パリスがスパルタを去るとき、彼はメネラオスの妻ヘレネーだけでなく、王宮の多くの財宝も運び去った。メネラオスは空になった宮殿へ戻り、これは自分一人の辱めではないと悟る。かつてヘレネーの求婚者たちはテュンダレオスの前で、彼女の婚姻が破られたなら夫を助けると誓っていたからである。 メネラオスはまず兄アガメムノンを訪ね、それから使者たちがミュケナイを発ち、古い誓いをギリシア各地へ伝えた。ネストール、大アイアス、ディオメーデース、イドメネウスらの首領が次々に応じ、オデュッセウスもイタケーの家と幼い子に心を引かれながら誓いから逃れることはできなかった。アキレウスについては、母テティスに隠され、のちにオデュッセウスの策で見つけ出されたとも語られる。 やがて船はアウリスに集まり、海岸には帆柱、天幕、祭壇、武具が並んだ。アガメムノンが総大将に選ばれ、メネラオスは増えていく船団を見つめながら、海倫を取り戻したい焦りと、多くの者が異郷で死ぬだろうという重い予感を抱いた。そこで大軍が出帆する前に、ギリシア人は使節をトロイアへ送り、和平に最後の機会を残すことにした。 メネラオスとオデュッセウスはトロイアへ入り、長老アンテノールに迎えられた。二人はヘレネーと奪われた財物の返還を求め、ギリシアの諸王が誓いに従ってすでに集まっていることを告げた。トロイアが譲歩すれば、まだ戦は避けられる。だが城内では意見が割れ、海倫を返すべきだという声もあれば、パリスを支持する者もおり、使節を殺そうとする過激な声さえ上がった。 アンテノールはその非道を止め、メネラオスとオデュッセウスは無事に去ることができた。しかしトロイア人は要求を一つも受け入れなかった。ヘレネーは城内に残り、財物も返されない。使節がその答えをアウリスへ持ち帰ると、ギリシア人は和平への道が閉ざされたことを知る。海辺に並ぶ船は、もはや集結の船ではなく、風を待つ戦船になっていた。
パリスの船がスパルタを離れると、海辺には、遠ざかる帆柱の影だけがしばらく残っていた。

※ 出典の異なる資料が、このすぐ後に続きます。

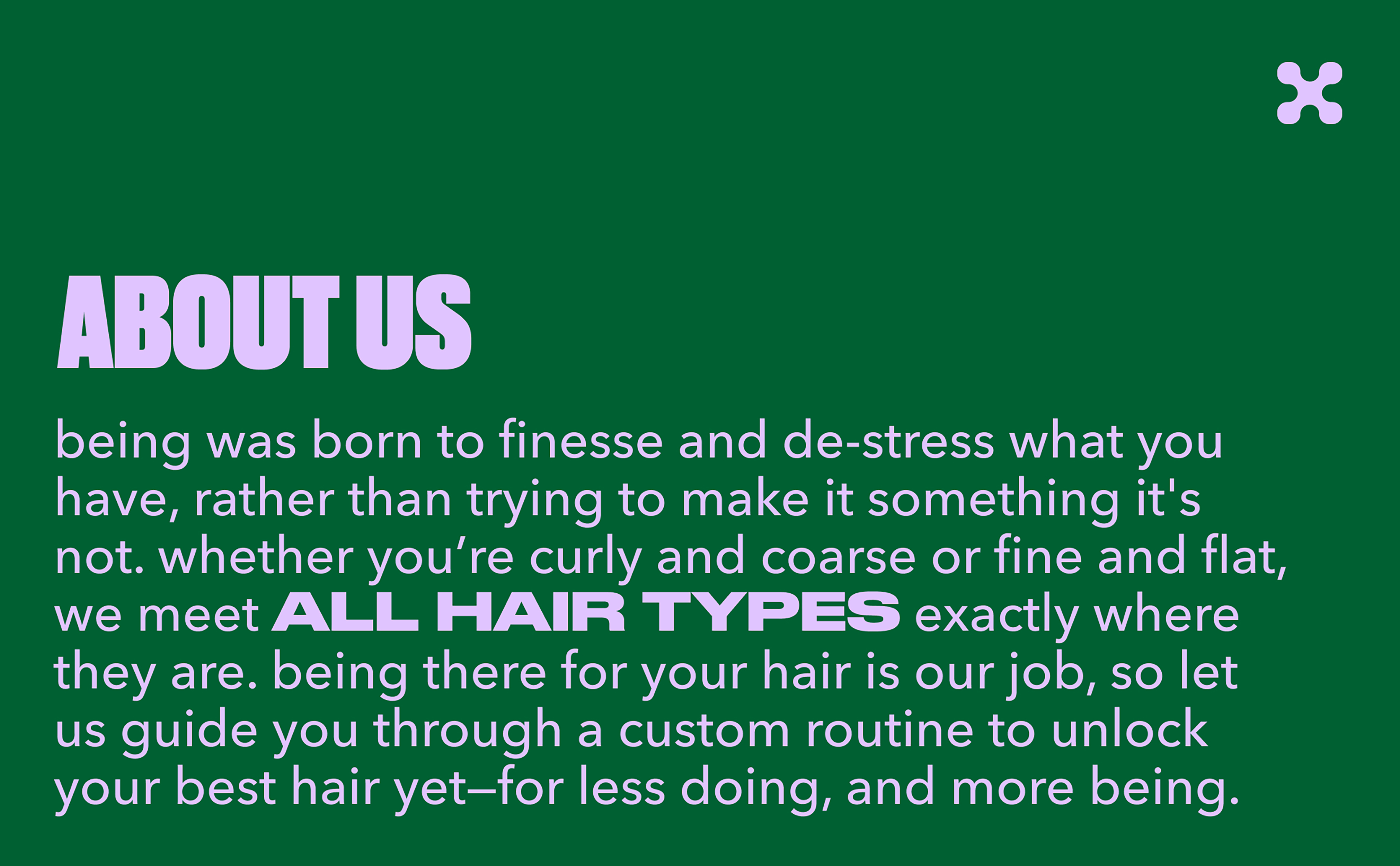 Being is a community-led hair care brand created to meet all hair types exactly where they are. The range works to finesse and de-stress what you have, rather than trying to turn it into something it's not. Whether you’re curly + coarse or fine + flat, help unlock hair that makes you feel more you—for less doing and more Being.

メネラオスが宮殿へ戻ると、そこは彼が去ったときのにぎわいを失っていた。海倫の姿はなく、侍女たちも顔を伏せたまま、大きな声を出そうとしない。倉には銀器や金器が減り、衣装箱の中の織り物や宝飾の多くもなくなっていた。パリスは女王だけを連れ去ったのではない。主の名誉と財宝まで、舟に積み込んで奪い去ったのである。

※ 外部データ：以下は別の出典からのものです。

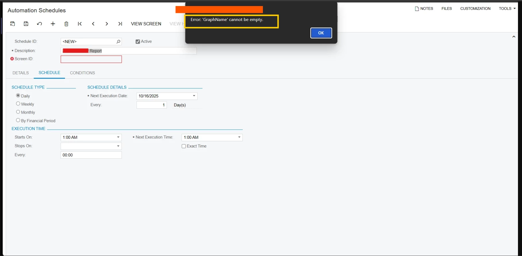 - This screen can not be automated, although the screenID was not empty while saving

メネラオスは怒りに震えたが、宮殿の中で嘆くだけでは終わらなかった。これは自分一人の痛手ではないと、彼には分かっていた。海倫がまだ嫁していなかったころ、ギリシアじゅうの多くの王侯が求婚に訪れた。誰か一人が得をして、他の者が恨みを抱くことがないよう、彼らはひとつの誓いを立てていた。海倫が誰に嫁ごうとも、もしその婚姻が壊され、何者かが彼女を奪うなら、求婚者たちは皆、夫の味方となって助ける、と。
いま、その誓いを果たす時が来たのである。
メネラオスはまず兄の阿伽門農のもとを訪ねた。阿伽門農はミケーネの王で、宮殿は大きく、蔵は豊かで、兵を集める力も最も強かった。兄弟は並んで座り、メネラオスはパリスがどのようにもてなされ、主人が留守のあいだに海倫をさらっていったかを語った。阿伽門農はその話を聞くうちに、顔を曇らせた。ここでこの辱めを見過ごせば、ギリシアの王家は、これから先ずっと軽んじられるだろうと、彼にも分かったのだ。

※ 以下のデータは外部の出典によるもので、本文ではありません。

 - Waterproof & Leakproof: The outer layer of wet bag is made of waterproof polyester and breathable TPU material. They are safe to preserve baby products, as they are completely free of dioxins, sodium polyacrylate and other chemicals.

そこで使者が各地へ発たれた。山道を越え、海峡を渡り、諸王の館を訪ねて、昔の誓いをあらためて示していくのである。
最初に応じたのは、すでに名の知られた英雄たちだった。
ピュロスのネストールは年老いていたが、白い髪を肩に垂らしながら、なおも議会では落ち着いた言葉を口にした。サラミスの大アイアスは、歩くたびに大地が沈むような巨体の持ち主だった。ディオメーデースはアルゴスから駆けつけ、若く勇猛で、戦いをためらわなかった。クレタのイドメネウスは島の戦士たちを率いて来た。ほかにも各地の小王たちが船を整え、食糧を積み、青銅の鎧や長槍、盾を次々と運び出した。
とはいえ、誰もがすぐに故郷を離れたわけではない。
イタケのオデュッセウスには、まだ幼い息子がいた。島の畑や羊の群れ、新しく建てた家も、彼の心を引き止めていた。彼は賢い男だったから、ひとたびこの遠征に加われば、何年も帰れなくなるだろうと察していた。だが、誓いは風に吹かれて消える砂ではない。使者が到着すると、彼もまた、どれほどためらっても、やがてギリシアの大軍に加わるほかなかった。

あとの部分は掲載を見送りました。